Hidden-dependency support — meta.toml hidden_paths lists code/ files that stay present for grading (so surf seals a real divergence and the grader runs against them) but are withheld from the prompt. prompts._render_code skips them; run.py/metrics.py/grade_code.py unchanged.

New "cascade" family — the agent edits a visible function whose correctness depends on a hidden dependency it knows only through that dependency's doc. A stale doc propagates into a wrong cascaded edit; in C3 the surf report's new_code is the only window onto the truth.

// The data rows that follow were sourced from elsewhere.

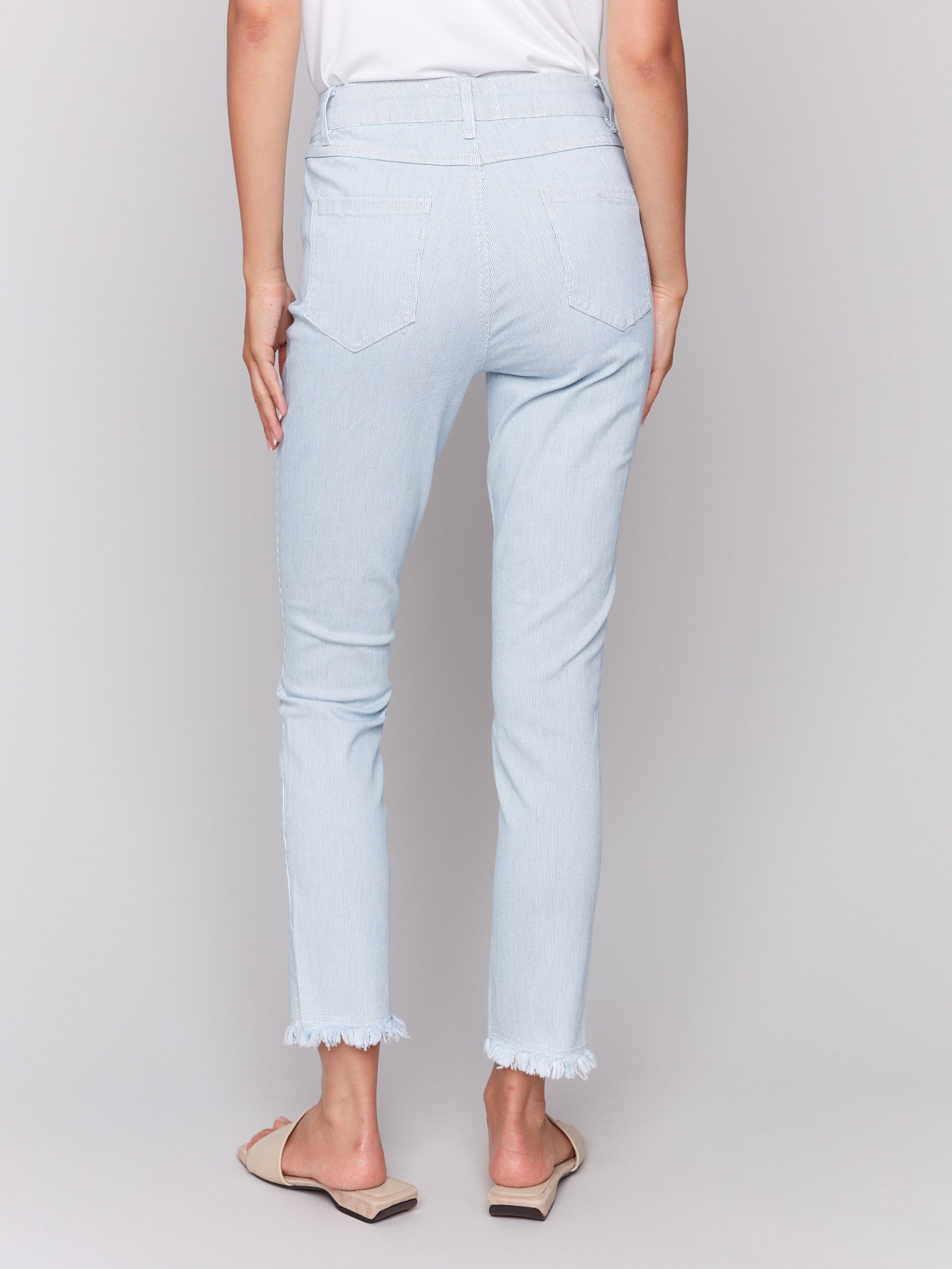 These twill pants offer an effortless blend of style and comfort. The regular rise and slim fit. accentuated by delicate light blue stripes. add a touch of elegance to your look. The stylish hem slit adds a unique detail. making these pants the perfect choice for casual outings or a day at the office.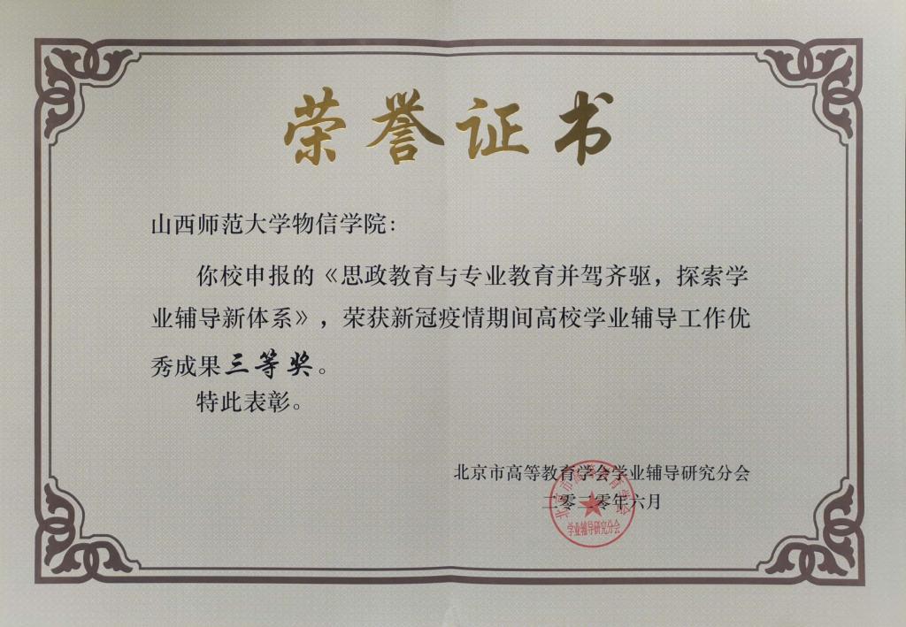 近日,在北京市高等教育学会学业辅导研究分会组织开展的“新冠疫情期间高校学业辅导工作优秀成果”评选活动中,在校学工部(员工处)的支持下,由公司选送的《思政教育与专业教育并驾齐驱,探索学业辅导新体系》项目获评三等奖。此次“新冠疫情期间高校学业辅导工作优秀成果”评选活动共有清华大学、北京大学、南开大学、华中科技大学等30余所高校参加评选,共评选出一等奖9项,二等奖11项,三等奖10项。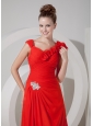 Home >  Evening Dresses > Luxurious Red Empire V-neck Floor-length Chiffon Appliques Evening Dress
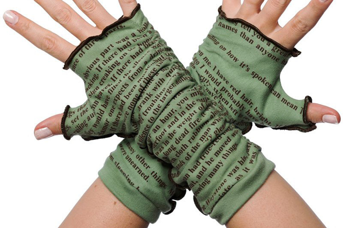 Produced by Storiarts, these writing gloves are created from American-made 100% cotton jersey knit fabric. The open palm circumference is about 8" and the arm band is about 7" around. When worn, they are roughly 7" long.

Graders derive the expected value from the real hidden dependency, so the test stays honest.

Scenario	Lang	Hidden dependency drift
`cascade-quota-batcher-code`	py	limiter capacity (`<`→`<=`)
`cascade-retry-budget-code`	py	retry attempt cap (3→5)
`cascade-access-policy-code`	py	allow-list → block-list
`cascade-page-size-ts-code`	ts	default page size (50→25)

The 7 comprehension scenarios from #99 remain as a secondary sub-suite (still evidence for H2).

Verification

Rust gates (bench is outside the workspace, so unaffected — run for cleanliness):

cargo fmt --all --check — clean
cargo clippy --all-targets --all-features -- -D warnings — clean
cargo test --all — all suites pass (72/10/38/25/34, 0 failed)

Bench:

uv run python tools/author.py --all — all 11 scenarios seal; each stale hub genuinely diverges.
uv run python -m surface_bench.run --models mock — full offline pipeline runs every cell, no crash; confirms hidden_paths rendering.
For each cascade: a simulated correct answer grades ok/not-misled and a simulated stale answer grades not-ok/misled (both python3 and node --test paths, under uv run), with the dependency confirmed absent from the prompt.

Paid smoke (haiku×2, ~$0.50): on all four cascades, C2 (fresh) and C3 (surf report) succeed 2/2 while C0/C1 fail — H1 and H3 demonstrated, sanity gate passed:

	C0	C1	C2	C3
ok (of 2)	0	0	2	2

A nice incidental: an early C3 "miss" turned out to be the harness correctly catching a leaked doc-trust instruction in my own task text — fixed, and it proves the bench is sensitive.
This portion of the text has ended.